日本シリーズを制した秋山監督、8度胴上げで舞った。小久保主将、川崎選手会長、摂津投手も
胴上げされた。監督はうれしさで目に涙をにじませていた。
球場における優勝監督の挨拶は球界を代表する立派な言葉であった。
彼は災害にあった東日本への激励と野球人として精一杯恩返しする心構えを示した。
堂々たる姿勢であった。
今年のプロ野球界に尽くした野球人に贈られる'11年正力賞が、ちょうど秋山監督に決まった。
ピッタシのタイミングだった。
正力賞といえば、元近鉄バファローズの西本幸雄監督も功労者として受賞した一人だ。
日本シリーズを見届けて、野球の闘将は11月25日永眠した。「会葬はお断りする」と
頑固なところは変わっていなかった。
悲劇の監督は8度の日本シリーズに監督として苦杯をなめ1度も優勝できなかった。
知将三原の大洋球団、強勢巨人軍と広島赤ヘル軍にぶつかった悲劇だった。
私のまなこにぎっちょ西本1塁手の姿が焼付いている。
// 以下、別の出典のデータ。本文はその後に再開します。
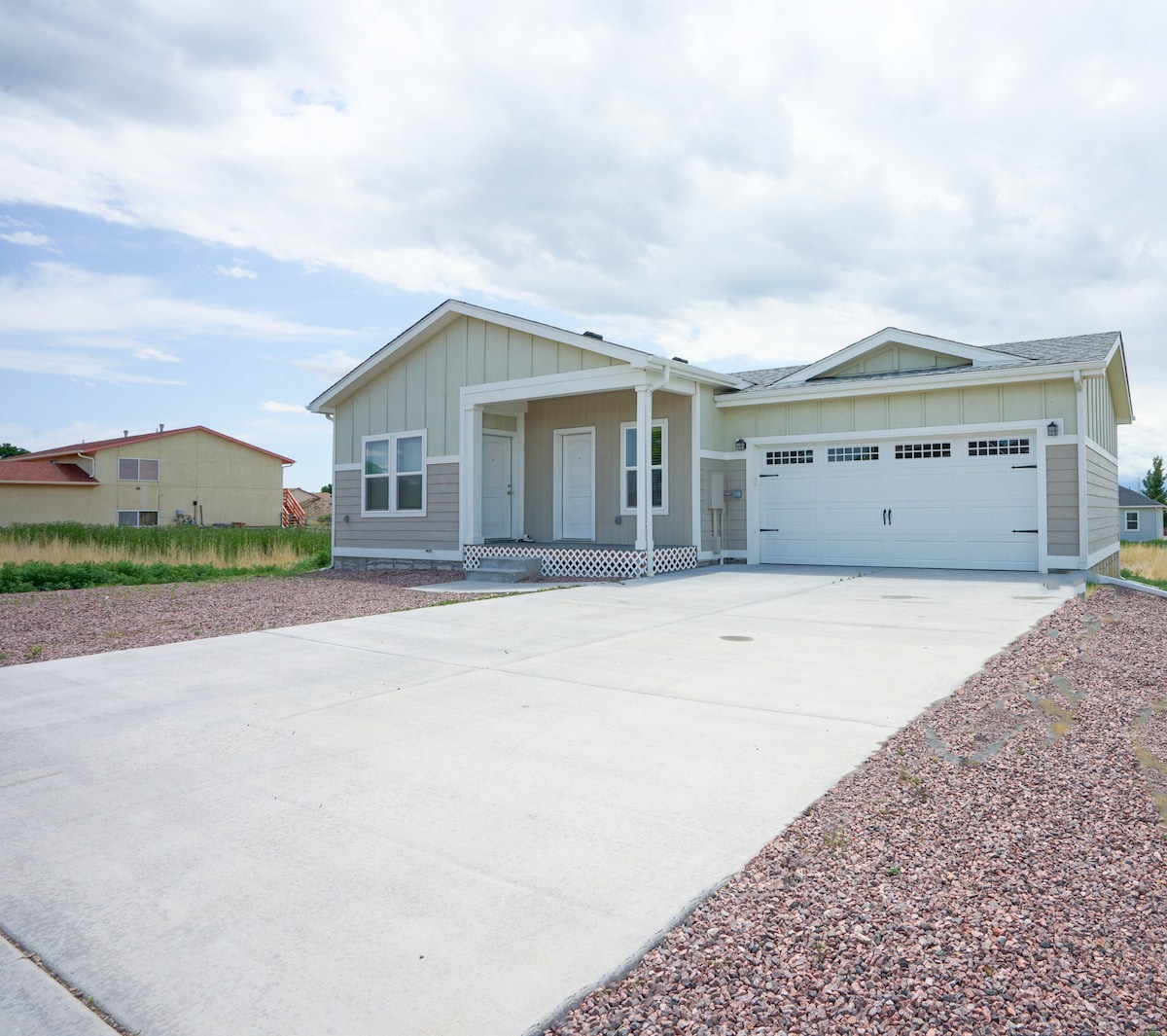 No cleaning fee! Pet friendly! A spacious open-concept, newly built and fully furnished 3 bedroom, 2 bath duplex unit. Located in Pueblo West, 5 miles from the fun-filled Reservoir, 10 mins from Parkview Hospital Pueblo West, and 11 miles from historic Downtown Pueblo. Nestled among incredible mountain views and amenities including coffee shops, restaurants, shopping, library, golfing, and walking & biking trails. Southern CO has endless outdoor activities to enjoy when you're visiting us!
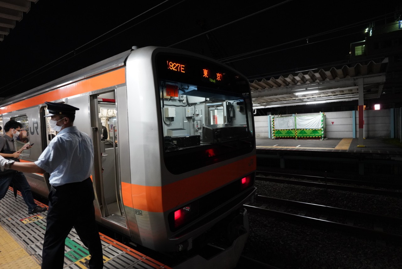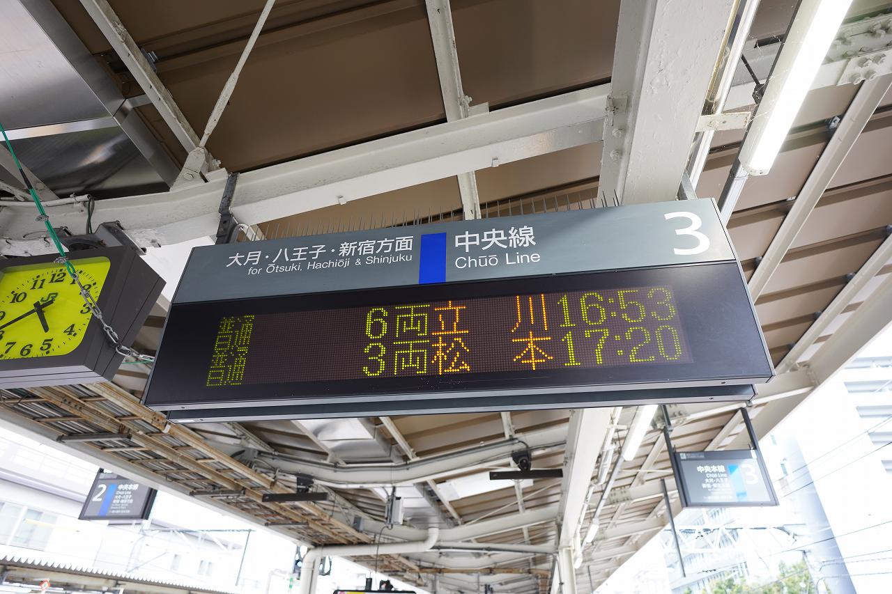 乗車するのは青梅線からの快速東京行き。次の快速は八王子からと、どんどん列車がやってきます。高尾・八王子・立川と一気に本数が増えていきますね。
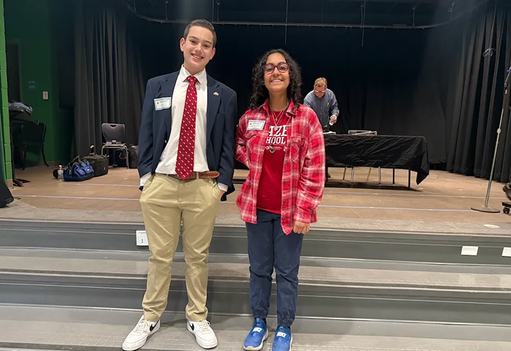 Cooper Campen, left, the 2026 Alachua County Spelling Bee champion, stands with second-place finisher Isabella Mendoza of the Frazer School after Campen secured a record-setting third consecutive county title. Campen will advance to the First Coast Regional Spelling Bee in Jacksonville on Feb. 27. / Photo special to Alachua County Today
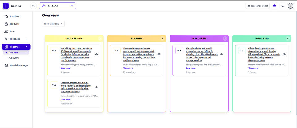 Easily navigate through the feedback by drag and drop, switch between statuses, view feedback details and add votes.
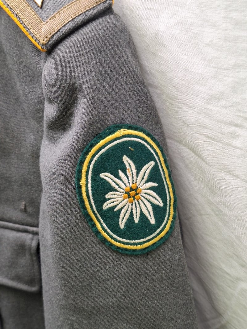 Early 1950S Type Brass Rank On Epaulettes (Long Service Individual). Loops For Ribbon Bar Alpine Troops Badge To Left Sleeve (Was Loose & Since Reattached) Minor Nips & Has Seen Use, But A Scarce Tunic
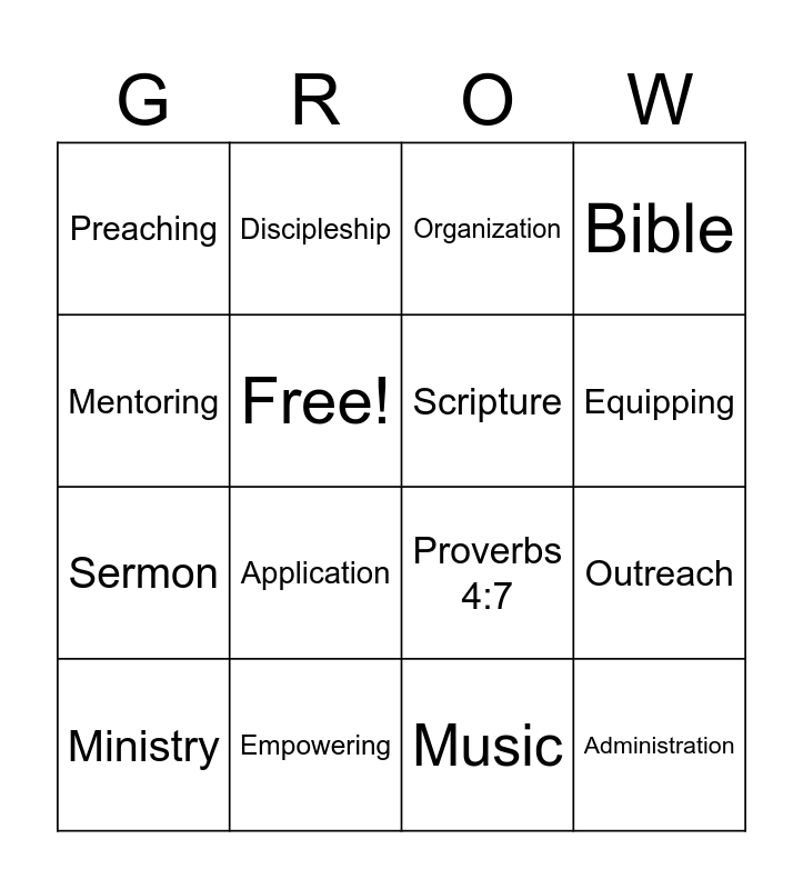 This bingo card has 51 words: Education, Ministry, Wisdom, Knowledge, Teaching, Learning, Discipleship, Understanding, Free!, Growth, Scripture, Bible, God, Jesus, Church, Community, Equipping, Empowering, Training, Mentoring, Outreach, Worship, Preaching, Sermon, Study, Research, Application, Doctrine, Communication, Organization, Accountability, Leadership, Collaboration, Reflection, Innovation, Impact, Strategy, Sunday School, Youth Group, Bible Study, Music, Administration, Community Outreach, Praise, Workshops, Rabbi, Proverbs 4:7, 2 Timothy 2:15, Hosea 4:6, Matthew 28:19-20 and Colossians 3:16.

大毎オリオンズの小柄で
顎ばかり目立つひょろりとした1塁手、これが西本幸雄だ。
別当、本堂、呉昌征、土井垣ら元阪神の猛虎に混じって懸命にうごいていた。
監督になってからも、選手の指導に懸命なグラウンド上の姿が目立った。
審判に抗議するときの姿勢の激しさは彼独特のものだった。
南海ホークス山本一人監督のあっさりと引き下がる姿と対照的だった。
審判と顔をを突き合わせて、「譲らないぞ」とグラウンドに声を響かせていた。
情熱のパ・リーグ選手だった。
今日の野球指導者が尊敬する「まさに名将という名にふさわしい方」(長嶋茂雄)。
さて、秋山監督の来シーズンは大変だ。和田、杉内、ホールトン、川崎がホークスを
出る意向をしめしている。
日本シーリーズ制覇した球団は経営事情と選手の移動で戦力を失うことが多い。
今年のロッテ球団は無残なものであった。
仰木監督が苦心してまとめたオリックス球団のあの様は何だ。そろばん勘定だけが
得意なオーナーでは球団経営はじり貧になる。
多くの球団は収支相つぐなわないので、球団経営は難しい。
今年、戦力を生かし切れなかった巨人軍は、人気の低下に悩みフロントと
頑迷な経営最高首脳とが喧嘩している。
西本幸雄氏に球団オーナたちを叱っていただきたい。でも、「バカとはなんだ。
言葉を取り消しなさい」と永田雅一オリオンズオーナーに迫った西本監督の迫力は
昔物語になってしまった。
西本氏の固辞にもかかわらず、愛弟子梨本監督らの手で、後日会葬が行われた。
弟子たちは熱血の指導者の思い出をしみじみと語っていた。